Wednesday’s explosion occurred at 7:20 p.m. in a pit illegally operated by the private Guomin Mining Company in Yichuan County. Around 90 miners were working underground. According to a rescue worker, however, it was impossible to establish the actual number of trapped miners, as the blast destroyed the duty roster. Fifteen underground workers have been confirmed dead, together with four working in a light house on the surface. About 50 miners escaped.

Gases leaking from underground reached the mine entrance, where they were ignited probably by some kind of spark. The blast was so powerful that a nearby two-storey building caved in, and electricity supplies were disrupted to four surrounding villages. According to local residents, the explosion could be heard for three kilometres.

The official Xinhua news agency reported that the mine owner, Wang Guozheng, has disappeared. The authorities ordered his assets frozen, while the Yichuan county chief and three work safety officials were fired in an attempt to placate public anger. Henan provincial governor Guo Genmao personally took charge of the rescue and insisted that the trapped miners could possibly be saved.

According to the Henan Work Safety Administration, the mine with annual production capacity of 150,000 tonnes, was ordered to suspend its operations last May after a gas outburst that killed two miners.

Four officials were sent to the mine to enforce the ban, supposedly on a 24-hour basis, but the mine continued production. None of the officials reported the illegal action, and disappeared after Wednesday’s disaster. Undoubtedly they were bought off by the mine boss, while county officials simply ignored the ongoing, dangerous mining operations.

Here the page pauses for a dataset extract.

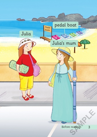 Who and what is in this story? Listen and say. pedal boat Pedal boats Julia beach Julia’s mum SAMPLE 2 Before reading 3 3/5/21 4:15 PM Bye-bye Turtle 01-24_ChitF.indd 2-3 Bye-bye Turtle 01-24_ChitF.indd 2-3 3/5/21 4:15 PM

While official corruption is certainly a factor in China’s mine accidents, the scapegoating of junior officials and individual managers is a diversion from the real cause of the mounting death toll—a reckless drive for profit from the over-heated economy’s soaring demand for coal.

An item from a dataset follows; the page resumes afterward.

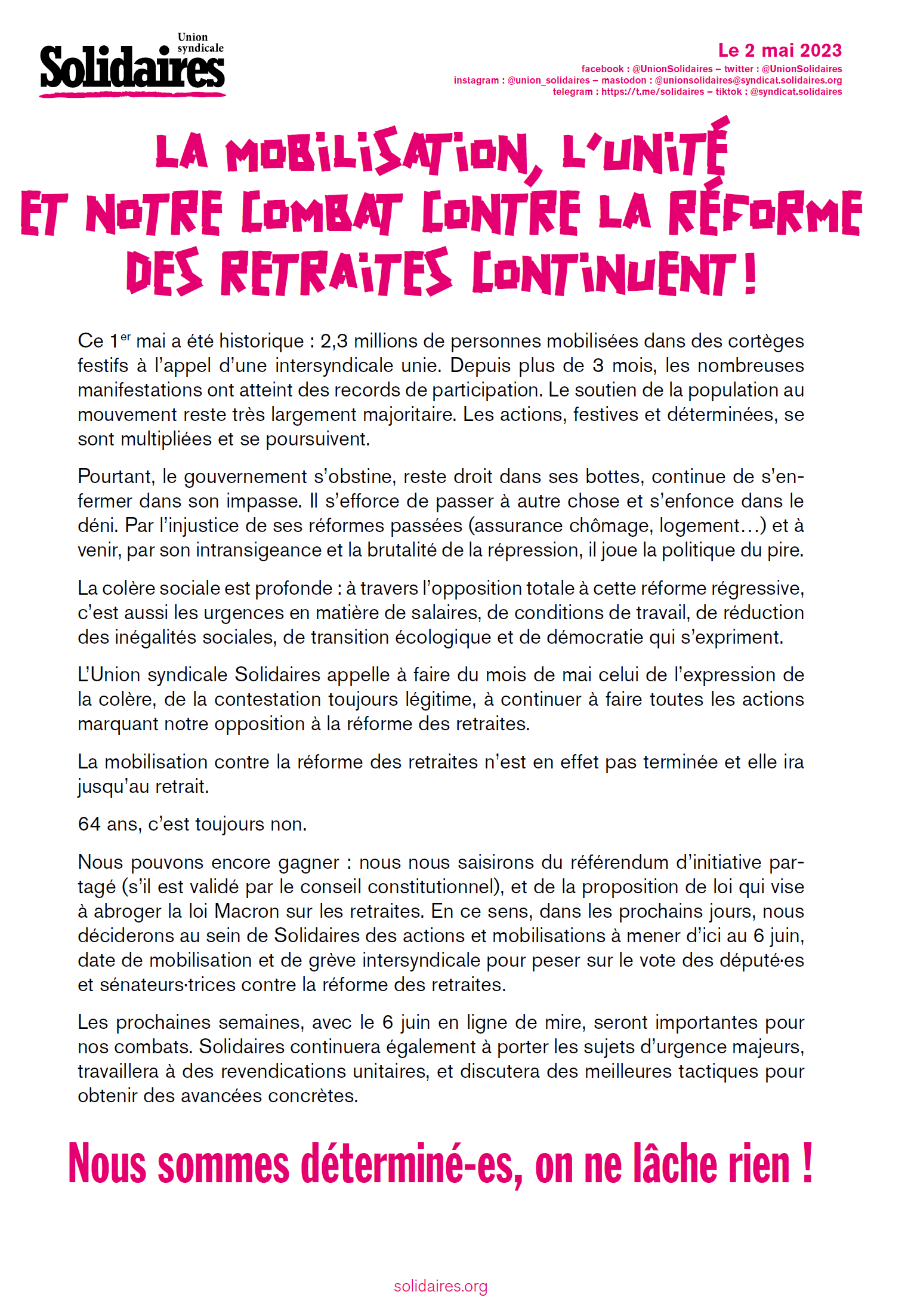 Nous pouvons encore gagner : nous nous saisirons du référendum d’initiative partagé (s’il est validé par le conseil constitutionnel), et de la proposition de loi qui vise à abroger la loi Macron sur les retraites. En ce sens, dans les prochains jours, nous déciderons au sein de Solidaires des actions et mobilisations à mener d’ici au 6 juin, date de mobilisation et de grève intersyndicale pour peser sur le vote des député·es et sénateurs·trices contre la réforme des retraites.

The Wangjialing mine is an obvious example. It operated by a state-owned company and is a priority project in Beijing’s 15th “five-year plan”. The management was clearly under pressure to complete the project and to meet production and profit targets.

Last Sunday’s flood was caused by the company trying to complete the mine’s construction five months ahead of schedule, despite warnings of water leaking into the shafts. Some surviving workers estimate that the number of trapped workers could be as high as 260.

Surviving workers told the State Work Safety Administration that management at the Wangjialing mine completely ignored safety standards. One worker told Xinhua that 90 percent of the workforce had never been trained to use their personal self-rescue equipment. The management required workers to pay a bond of 300 yuan ($US44) for the gear, so workers only wore it to show safety inspectors and then took it for fear of damaging the equipment.

Similar pressures are the likely cause of Tuesday’s collapse in the Shajihai mine in Xinjiang that was under construction. The region’s work safety bureau spokesman admitted that the prospects were grim for the trapped workers. “The collapse site is as deep as 700 metres underground, and the collapsed part is estimated to be 500 to 600 cubic metres. The geological structure underground is very loose. In addition, water has begun gushing into the shaft.”

Behind the criminal practices of mining companies and government officials is the fact that profit is put before the lives of workers. China’s hothouse economy, driven by government stimulus packages, cheap bank credit and real estate speculation, has created soaring demand and prices for coal.

Earlier this year, China’s two largest coal miners—the Shenhua Group and China National Coal Group Corporation—wrote contracts with power plants that raised prices from 540 yuan per tonne to 570 yuan. International prices are rising even faster, with an expected 40 percent surge during 2010–11.

In addition, because of the severe drought in southwest China, CLSA Research Ltd has calculated that coal-fired power stations may need an additional 35 million tonnes of coal to compensate for a 15 percent drop in hydroelectricity production. This will further drive up domestic coal prices.

With coal accounting for 80 percent of power generation, compared to 17 percent for hydro, the demand for more energy, driven by market anarchy and profit-making, will inevitably lead to more deaths in China’s coal mining industry.